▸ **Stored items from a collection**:
• • •
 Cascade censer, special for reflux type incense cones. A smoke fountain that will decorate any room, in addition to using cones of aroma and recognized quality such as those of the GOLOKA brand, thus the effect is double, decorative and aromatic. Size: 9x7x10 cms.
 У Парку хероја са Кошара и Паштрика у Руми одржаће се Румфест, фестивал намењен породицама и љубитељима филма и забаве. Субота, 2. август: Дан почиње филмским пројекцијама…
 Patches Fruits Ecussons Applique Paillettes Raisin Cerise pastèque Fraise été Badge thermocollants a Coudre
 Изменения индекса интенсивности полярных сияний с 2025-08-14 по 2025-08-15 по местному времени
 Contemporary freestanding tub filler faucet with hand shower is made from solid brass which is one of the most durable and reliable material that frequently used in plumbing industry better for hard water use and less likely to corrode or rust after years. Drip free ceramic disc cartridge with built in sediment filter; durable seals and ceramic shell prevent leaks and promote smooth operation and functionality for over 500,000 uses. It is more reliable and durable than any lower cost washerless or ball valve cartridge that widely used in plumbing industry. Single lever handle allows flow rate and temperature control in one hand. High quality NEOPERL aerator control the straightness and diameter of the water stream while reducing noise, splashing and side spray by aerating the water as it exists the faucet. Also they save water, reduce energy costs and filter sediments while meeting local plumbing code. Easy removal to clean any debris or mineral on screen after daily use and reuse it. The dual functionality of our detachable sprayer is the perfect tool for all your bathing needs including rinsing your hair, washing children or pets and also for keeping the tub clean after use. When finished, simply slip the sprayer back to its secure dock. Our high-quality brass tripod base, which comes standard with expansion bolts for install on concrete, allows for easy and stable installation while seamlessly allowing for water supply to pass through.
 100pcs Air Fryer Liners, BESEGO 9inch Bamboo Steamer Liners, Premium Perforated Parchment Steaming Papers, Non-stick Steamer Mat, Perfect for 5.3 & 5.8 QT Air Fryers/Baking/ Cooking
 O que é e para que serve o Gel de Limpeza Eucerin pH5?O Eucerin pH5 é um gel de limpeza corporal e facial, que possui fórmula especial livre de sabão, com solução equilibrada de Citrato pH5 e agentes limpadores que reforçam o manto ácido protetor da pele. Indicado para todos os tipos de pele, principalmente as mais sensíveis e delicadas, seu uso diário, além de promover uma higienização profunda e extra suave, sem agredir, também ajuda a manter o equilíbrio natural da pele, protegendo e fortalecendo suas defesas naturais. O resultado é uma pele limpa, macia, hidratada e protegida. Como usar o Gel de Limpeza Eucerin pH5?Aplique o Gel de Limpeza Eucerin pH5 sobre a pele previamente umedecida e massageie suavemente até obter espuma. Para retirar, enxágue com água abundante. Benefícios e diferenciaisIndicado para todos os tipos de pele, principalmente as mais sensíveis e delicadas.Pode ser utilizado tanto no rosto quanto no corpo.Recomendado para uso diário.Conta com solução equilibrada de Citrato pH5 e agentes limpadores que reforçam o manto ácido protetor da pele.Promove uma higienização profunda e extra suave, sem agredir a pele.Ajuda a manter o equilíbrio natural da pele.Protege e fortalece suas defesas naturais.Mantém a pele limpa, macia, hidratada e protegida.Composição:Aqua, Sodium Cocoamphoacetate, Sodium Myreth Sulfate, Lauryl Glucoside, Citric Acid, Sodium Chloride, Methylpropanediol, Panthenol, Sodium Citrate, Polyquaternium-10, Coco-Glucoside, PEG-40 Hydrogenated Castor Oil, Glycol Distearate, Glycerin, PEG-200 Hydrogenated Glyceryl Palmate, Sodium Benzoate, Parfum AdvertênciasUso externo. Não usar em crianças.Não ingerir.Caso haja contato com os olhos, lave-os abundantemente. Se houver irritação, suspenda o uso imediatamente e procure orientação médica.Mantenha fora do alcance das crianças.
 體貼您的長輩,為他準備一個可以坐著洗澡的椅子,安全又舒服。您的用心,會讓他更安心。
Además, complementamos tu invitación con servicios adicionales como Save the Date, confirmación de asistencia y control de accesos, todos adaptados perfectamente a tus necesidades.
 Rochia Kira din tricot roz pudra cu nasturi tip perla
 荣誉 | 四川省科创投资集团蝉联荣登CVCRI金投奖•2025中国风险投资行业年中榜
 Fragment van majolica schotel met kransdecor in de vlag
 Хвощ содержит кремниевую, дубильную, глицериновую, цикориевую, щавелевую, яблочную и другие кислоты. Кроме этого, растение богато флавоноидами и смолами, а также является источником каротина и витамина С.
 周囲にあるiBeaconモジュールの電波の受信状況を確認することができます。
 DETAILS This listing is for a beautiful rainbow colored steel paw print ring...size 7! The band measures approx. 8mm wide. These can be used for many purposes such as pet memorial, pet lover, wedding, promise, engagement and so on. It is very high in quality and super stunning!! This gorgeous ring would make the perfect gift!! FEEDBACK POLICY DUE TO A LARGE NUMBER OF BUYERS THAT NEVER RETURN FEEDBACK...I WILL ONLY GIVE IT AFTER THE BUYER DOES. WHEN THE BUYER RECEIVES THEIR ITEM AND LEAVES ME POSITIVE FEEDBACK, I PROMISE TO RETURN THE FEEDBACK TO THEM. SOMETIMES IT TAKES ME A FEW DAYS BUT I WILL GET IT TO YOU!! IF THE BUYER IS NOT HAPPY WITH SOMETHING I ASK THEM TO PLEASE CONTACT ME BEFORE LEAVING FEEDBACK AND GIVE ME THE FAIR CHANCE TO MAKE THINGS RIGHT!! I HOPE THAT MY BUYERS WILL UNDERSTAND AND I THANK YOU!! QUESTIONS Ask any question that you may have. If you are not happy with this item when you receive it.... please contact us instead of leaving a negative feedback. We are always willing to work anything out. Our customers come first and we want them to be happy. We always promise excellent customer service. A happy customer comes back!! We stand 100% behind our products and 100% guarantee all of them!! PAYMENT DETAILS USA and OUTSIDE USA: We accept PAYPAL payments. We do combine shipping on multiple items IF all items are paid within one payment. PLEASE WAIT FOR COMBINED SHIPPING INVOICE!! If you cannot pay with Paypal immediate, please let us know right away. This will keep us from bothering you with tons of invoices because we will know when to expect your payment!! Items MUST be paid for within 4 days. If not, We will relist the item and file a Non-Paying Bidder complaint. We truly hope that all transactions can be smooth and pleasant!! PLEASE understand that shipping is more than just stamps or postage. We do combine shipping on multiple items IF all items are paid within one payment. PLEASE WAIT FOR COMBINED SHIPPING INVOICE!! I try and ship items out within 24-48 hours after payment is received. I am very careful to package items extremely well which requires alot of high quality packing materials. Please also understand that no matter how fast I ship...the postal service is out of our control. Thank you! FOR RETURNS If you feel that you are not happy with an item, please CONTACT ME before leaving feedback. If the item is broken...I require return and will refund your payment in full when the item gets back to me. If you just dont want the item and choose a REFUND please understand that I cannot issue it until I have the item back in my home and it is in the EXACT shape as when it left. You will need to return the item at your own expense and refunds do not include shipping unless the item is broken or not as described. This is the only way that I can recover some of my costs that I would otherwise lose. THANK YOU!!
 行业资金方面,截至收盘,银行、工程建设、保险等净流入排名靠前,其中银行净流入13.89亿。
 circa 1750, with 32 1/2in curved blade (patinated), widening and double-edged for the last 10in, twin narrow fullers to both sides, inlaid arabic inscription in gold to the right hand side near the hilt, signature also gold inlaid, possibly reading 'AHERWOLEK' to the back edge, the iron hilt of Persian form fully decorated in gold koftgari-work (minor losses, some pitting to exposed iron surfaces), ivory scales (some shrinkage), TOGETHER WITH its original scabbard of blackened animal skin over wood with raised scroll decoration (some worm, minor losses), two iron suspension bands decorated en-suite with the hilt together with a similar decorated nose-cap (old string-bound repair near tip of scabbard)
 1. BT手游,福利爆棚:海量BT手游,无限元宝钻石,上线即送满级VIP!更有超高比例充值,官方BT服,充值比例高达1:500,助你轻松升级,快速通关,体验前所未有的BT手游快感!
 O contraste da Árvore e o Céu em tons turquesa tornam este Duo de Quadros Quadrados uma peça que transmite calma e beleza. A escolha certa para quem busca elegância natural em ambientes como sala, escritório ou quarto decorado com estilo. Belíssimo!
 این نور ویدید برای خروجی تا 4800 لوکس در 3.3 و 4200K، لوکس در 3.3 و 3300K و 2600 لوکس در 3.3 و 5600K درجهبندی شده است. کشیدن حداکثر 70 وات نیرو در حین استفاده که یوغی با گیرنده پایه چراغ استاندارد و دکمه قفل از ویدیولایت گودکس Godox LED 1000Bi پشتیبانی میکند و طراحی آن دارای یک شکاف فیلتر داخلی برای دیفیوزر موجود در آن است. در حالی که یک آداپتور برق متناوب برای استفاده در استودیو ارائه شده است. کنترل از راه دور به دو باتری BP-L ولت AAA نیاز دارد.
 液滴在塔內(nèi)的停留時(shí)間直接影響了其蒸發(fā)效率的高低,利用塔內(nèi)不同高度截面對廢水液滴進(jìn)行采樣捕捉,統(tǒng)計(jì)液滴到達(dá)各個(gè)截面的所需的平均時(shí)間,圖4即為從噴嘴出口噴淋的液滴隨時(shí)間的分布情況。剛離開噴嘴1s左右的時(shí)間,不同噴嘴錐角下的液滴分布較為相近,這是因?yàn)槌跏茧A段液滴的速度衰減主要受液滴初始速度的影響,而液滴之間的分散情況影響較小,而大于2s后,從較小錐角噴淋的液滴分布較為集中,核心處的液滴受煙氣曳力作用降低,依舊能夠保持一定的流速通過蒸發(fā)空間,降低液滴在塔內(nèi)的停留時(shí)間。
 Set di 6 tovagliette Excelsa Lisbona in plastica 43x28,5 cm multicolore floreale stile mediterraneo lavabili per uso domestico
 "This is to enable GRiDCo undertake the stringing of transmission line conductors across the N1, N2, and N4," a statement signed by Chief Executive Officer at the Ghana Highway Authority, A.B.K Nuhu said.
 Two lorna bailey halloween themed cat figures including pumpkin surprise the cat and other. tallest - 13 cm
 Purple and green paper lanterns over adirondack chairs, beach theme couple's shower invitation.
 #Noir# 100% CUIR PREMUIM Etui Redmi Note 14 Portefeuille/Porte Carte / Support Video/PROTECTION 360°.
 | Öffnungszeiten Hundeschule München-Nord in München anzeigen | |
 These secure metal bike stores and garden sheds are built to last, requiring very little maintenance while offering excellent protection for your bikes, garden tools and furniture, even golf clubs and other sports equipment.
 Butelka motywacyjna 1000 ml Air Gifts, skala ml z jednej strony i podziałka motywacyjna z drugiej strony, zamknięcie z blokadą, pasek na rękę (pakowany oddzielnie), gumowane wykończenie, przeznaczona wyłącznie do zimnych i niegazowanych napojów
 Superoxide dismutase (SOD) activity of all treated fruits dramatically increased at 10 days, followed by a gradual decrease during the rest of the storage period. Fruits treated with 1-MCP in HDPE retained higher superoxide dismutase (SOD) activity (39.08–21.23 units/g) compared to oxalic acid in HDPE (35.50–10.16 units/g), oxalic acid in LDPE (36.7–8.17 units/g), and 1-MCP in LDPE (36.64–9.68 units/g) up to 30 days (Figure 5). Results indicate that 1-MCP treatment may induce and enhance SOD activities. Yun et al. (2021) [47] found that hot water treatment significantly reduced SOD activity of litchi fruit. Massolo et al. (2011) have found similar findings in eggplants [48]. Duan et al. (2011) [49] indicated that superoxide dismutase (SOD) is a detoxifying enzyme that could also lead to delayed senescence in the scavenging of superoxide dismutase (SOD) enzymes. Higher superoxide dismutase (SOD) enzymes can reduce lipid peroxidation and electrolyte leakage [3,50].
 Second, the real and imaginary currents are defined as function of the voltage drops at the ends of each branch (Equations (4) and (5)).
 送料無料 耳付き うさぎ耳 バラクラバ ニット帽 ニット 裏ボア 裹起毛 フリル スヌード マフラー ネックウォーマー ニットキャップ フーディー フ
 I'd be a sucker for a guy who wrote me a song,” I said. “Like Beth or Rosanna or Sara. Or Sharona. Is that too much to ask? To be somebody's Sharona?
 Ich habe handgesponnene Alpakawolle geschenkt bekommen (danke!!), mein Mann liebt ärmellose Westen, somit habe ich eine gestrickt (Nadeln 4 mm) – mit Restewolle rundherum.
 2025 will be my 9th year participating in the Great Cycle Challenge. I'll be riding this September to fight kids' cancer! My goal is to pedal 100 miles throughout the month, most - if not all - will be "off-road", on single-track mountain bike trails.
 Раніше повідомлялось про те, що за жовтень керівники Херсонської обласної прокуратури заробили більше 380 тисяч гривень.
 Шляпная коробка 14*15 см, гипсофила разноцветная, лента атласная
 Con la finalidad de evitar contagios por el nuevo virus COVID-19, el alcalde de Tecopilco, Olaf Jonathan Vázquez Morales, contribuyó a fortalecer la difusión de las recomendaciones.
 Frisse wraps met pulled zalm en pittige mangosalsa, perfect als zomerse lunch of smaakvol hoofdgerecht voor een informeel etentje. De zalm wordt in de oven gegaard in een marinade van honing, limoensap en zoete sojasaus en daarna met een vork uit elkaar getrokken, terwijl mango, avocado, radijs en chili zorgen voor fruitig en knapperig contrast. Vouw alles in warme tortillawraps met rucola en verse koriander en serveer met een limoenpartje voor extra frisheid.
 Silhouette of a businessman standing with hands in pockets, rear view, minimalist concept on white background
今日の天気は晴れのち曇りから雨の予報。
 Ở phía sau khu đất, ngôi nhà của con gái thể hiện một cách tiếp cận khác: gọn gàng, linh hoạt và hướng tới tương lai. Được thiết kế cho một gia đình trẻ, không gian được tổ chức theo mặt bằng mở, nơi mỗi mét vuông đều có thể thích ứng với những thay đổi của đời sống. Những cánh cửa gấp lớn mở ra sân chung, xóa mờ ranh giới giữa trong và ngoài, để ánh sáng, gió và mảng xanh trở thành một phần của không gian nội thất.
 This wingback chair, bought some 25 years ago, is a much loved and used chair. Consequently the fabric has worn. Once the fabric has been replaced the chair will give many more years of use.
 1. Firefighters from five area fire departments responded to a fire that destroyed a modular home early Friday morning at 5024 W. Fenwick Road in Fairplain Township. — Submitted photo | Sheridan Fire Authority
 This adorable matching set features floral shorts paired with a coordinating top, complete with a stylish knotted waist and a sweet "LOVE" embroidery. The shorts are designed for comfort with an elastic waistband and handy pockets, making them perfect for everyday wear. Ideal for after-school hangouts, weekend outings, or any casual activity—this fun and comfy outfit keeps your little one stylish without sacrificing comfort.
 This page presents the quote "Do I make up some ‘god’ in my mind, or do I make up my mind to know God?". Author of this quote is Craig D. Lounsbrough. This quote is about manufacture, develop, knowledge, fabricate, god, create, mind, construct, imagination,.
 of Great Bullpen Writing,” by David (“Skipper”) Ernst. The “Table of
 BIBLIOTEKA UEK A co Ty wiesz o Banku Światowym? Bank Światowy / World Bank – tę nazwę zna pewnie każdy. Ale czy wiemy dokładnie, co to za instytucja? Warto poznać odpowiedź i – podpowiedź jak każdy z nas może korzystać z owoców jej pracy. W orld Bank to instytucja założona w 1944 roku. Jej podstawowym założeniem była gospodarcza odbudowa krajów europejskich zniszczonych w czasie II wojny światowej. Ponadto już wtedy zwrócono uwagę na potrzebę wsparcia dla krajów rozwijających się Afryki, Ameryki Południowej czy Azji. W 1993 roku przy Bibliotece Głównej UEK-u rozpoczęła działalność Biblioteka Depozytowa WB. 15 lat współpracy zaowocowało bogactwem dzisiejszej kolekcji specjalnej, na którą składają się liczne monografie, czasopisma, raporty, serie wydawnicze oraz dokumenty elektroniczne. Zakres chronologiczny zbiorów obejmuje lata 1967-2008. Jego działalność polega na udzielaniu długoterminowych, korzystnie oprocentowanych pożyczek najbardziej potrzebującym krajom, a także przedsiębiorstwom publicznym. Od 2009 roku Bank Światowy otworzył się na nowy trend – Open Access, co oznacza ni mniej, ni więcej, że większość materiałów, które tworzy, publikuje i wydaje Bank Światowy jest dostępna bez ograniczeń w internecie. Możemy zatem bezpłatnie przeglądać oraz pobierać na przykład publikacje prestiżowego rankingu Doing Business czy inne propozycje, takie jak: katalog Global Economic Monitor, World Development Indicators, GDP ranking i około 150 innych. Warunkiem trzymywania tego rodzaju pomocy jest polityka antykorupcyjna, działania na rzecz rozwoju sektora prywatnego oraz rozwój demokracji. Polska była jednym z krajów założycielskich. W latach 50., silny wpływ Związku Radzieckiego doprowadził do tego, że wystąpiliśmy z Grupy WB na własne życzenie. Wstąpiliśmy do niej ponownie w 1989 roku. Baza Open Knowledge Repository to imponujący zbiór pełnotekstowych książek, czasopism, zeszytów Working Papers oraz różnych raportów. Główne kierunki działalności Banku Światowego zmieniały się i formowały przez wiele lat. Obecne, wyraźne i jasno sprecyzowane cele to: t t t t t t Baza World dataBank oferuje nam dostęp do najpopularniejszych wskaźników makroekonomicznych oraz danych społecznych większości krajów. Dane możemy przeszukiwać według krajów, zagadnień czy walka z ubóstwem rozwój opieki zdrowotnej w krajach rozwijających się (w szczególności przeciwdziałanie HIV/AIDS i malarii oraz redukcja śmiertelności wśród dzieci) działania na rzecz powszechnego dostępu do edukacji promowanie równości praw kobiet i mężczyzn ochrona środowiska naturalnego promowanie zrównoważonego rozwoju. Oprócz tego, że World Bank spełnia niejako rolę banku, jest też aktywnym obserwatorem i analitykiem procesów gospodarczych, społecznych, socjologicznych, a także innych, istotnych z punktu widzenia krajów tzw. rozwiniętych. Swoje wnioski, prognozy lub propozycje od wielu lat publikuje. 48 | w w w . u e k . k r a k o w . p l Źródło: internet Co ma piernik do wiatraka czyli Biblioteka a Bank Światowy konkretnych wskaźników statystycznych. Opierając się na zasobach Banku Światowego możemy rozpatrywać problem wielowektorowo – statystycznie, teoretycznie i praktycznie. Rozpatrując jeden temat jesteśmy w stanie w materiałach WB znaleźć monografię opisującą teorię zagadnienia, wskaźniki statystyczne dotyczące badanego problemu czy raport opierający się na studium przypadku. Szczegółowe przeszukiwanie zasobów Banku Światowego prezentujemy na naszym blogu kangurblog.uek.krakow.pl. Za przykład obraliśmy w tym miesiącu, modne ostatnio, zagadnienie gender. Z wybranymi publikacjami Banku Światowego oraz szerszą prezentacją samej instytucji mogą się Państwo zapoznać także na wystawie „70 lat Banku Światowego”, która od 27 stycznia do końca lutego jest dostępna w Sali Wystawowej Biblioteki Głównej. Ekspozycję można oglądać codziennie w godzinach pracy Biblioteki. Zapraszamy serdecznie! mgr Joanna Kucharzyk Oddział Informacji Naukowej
• • •
▸ **Exercise**: Please transcribe the data exactly from its first line. End with the line that contains "Изменения индекса интенсивности".

▸ **The completed task**:
 Cascade censer, special for reflux type incense cones. A smoke fountain that will decorate any room, in addition to using cones of aroma and recognized quality such as those of the GOLOKA brand, thus the effect is double, decorative and aromatic. Size: 9x7x10 cms.
 У Парку хероја са Кошара и Паштрика у Руми одржаће се Румфест, фестивал намењен породицама и љубитељима филма и забаве. Субота, 2. август: Дан почиње филмским пројекцијама…
 Patches Fruits Ecussons Applique Paillettes Raisin Cerise pastèque Fraise été Badge thermocollants a Coudre
 Изменения индекса интенсивности полярных сияний с 2025-08-14 по 2025-08-15 по местному времени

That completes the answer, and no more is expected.